--- Records ---

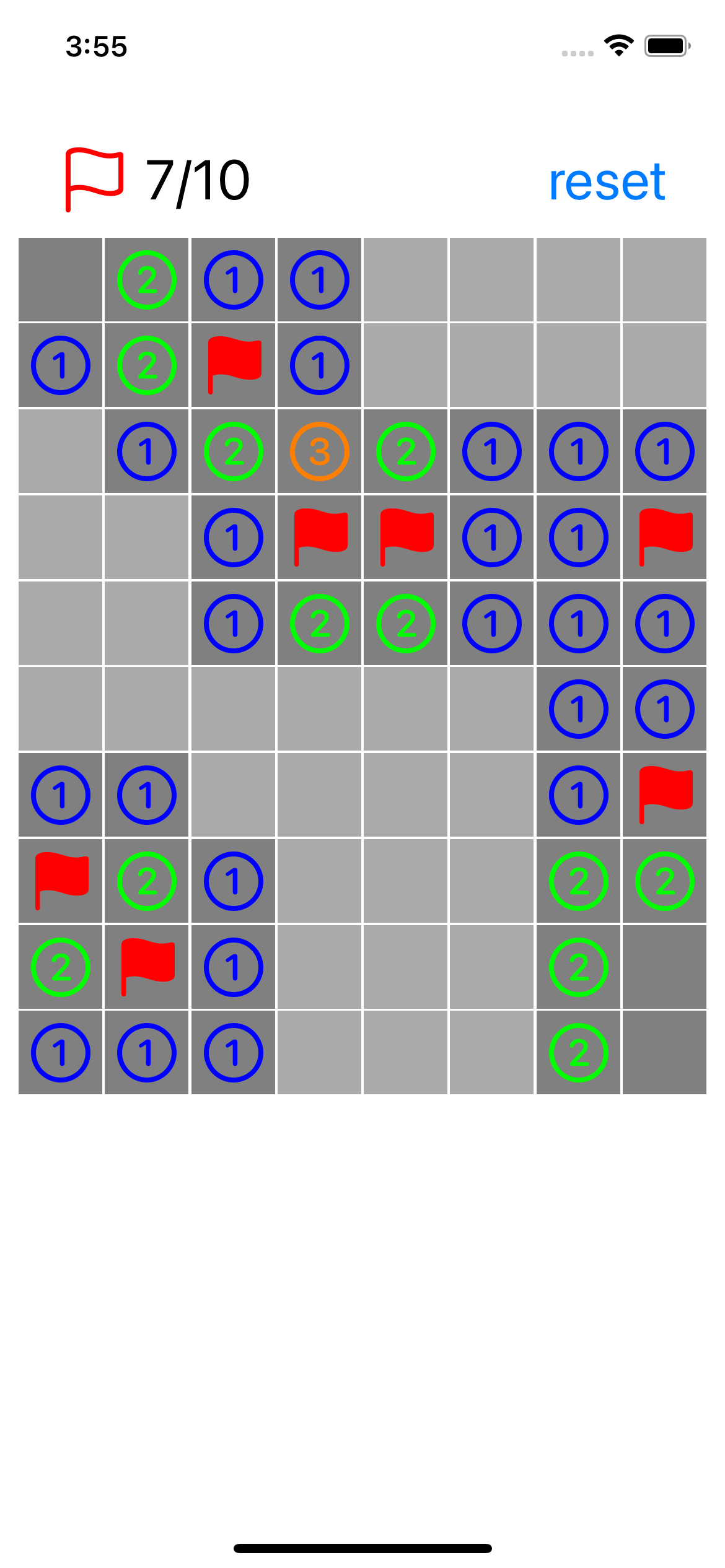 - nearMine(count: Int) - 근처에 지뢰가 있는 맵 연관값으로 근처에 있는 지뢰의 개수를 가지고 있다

---
--- Records ---

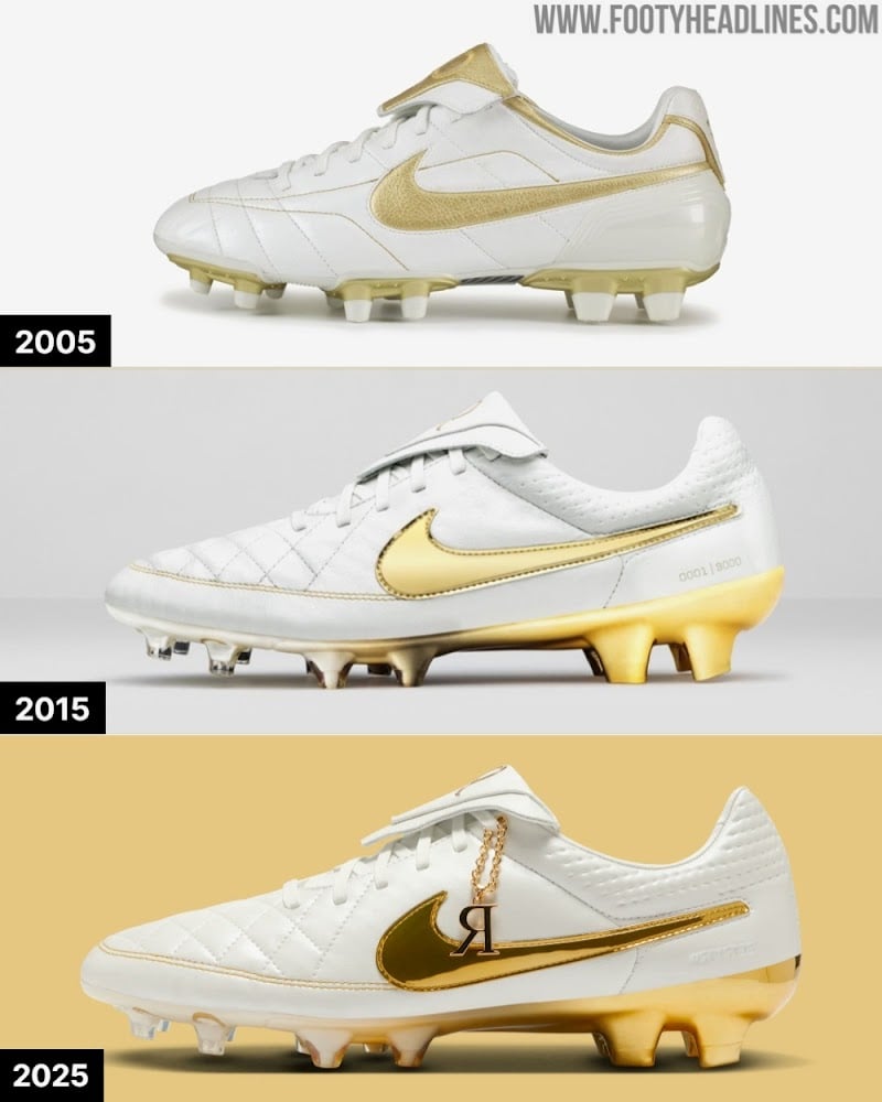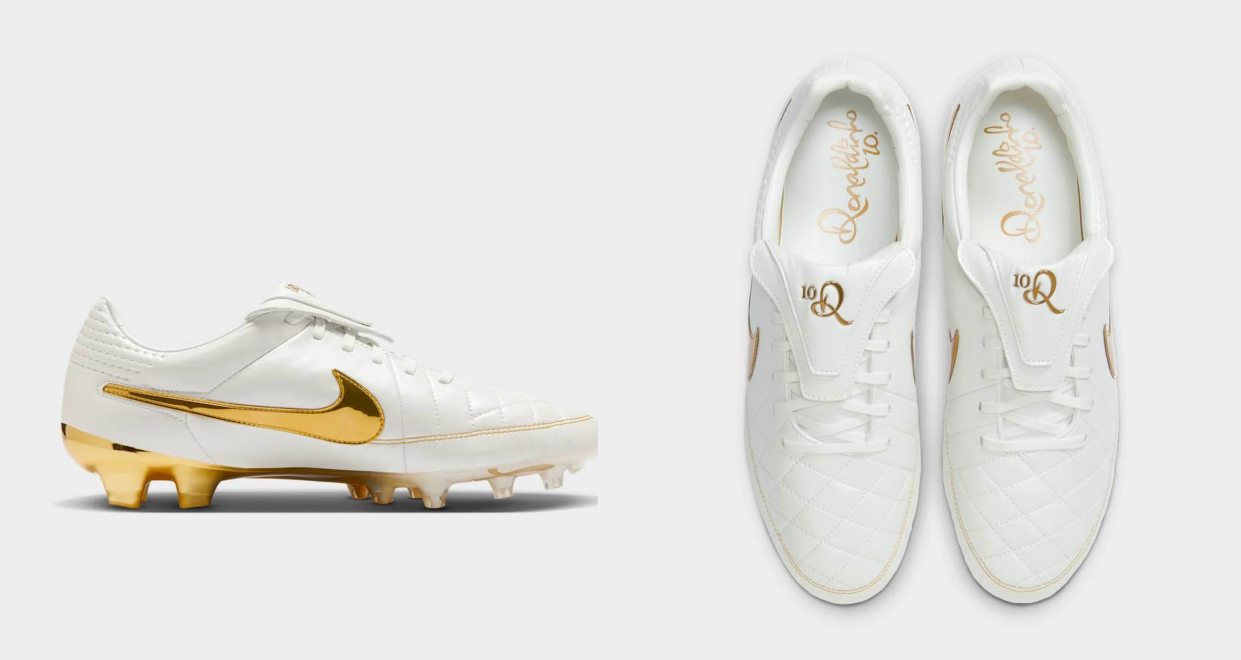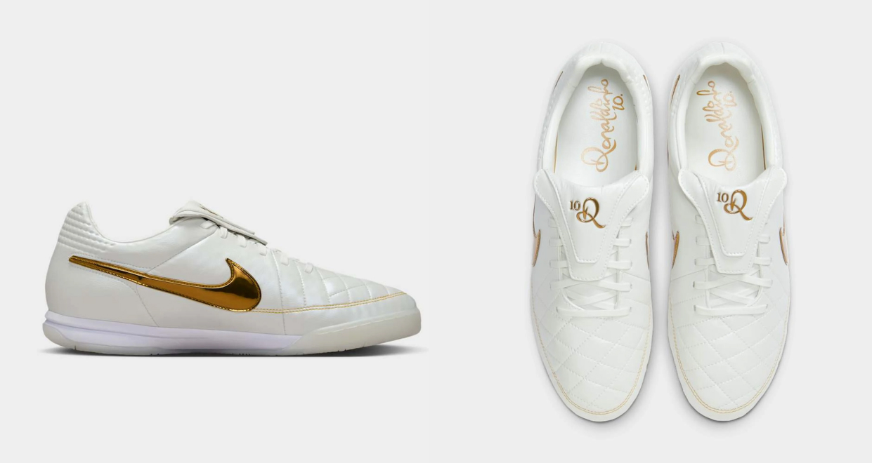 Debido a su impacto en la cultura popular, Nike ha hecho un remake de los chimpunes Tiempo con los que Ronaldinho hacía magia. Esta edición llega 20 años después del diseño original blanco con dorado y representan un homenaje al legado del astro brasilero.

---
--- Records ---

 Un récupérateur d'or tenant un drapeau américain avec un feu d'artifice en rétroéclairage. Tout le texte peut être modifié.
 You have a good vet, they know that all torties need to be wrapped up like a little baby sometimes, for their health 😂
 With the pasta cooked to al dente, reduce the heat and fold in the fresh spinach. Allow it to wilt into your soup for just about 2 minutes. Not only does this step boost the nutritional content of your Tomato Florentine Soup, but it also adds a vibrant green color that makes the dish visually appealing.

---

#### Brief:
Of the entries above, repeat exactly the lines between the line with "You have a good" and the line with "With the pasta", inclusive, and no others.

#### Response:
 You have a good vet, they know that all torties need to be wrapped up like a little baby sometimes, for their health 😂
 With the pasta cooked to al dente, reduce the heat and fold in the fresh spinach. Allow it to wilt into your soup for just about 2 minutes. Not only does this step boost the nutritional content of your Tomato Florentine Soup, but it also adds a vibrant green color that makes the dish visually appealing.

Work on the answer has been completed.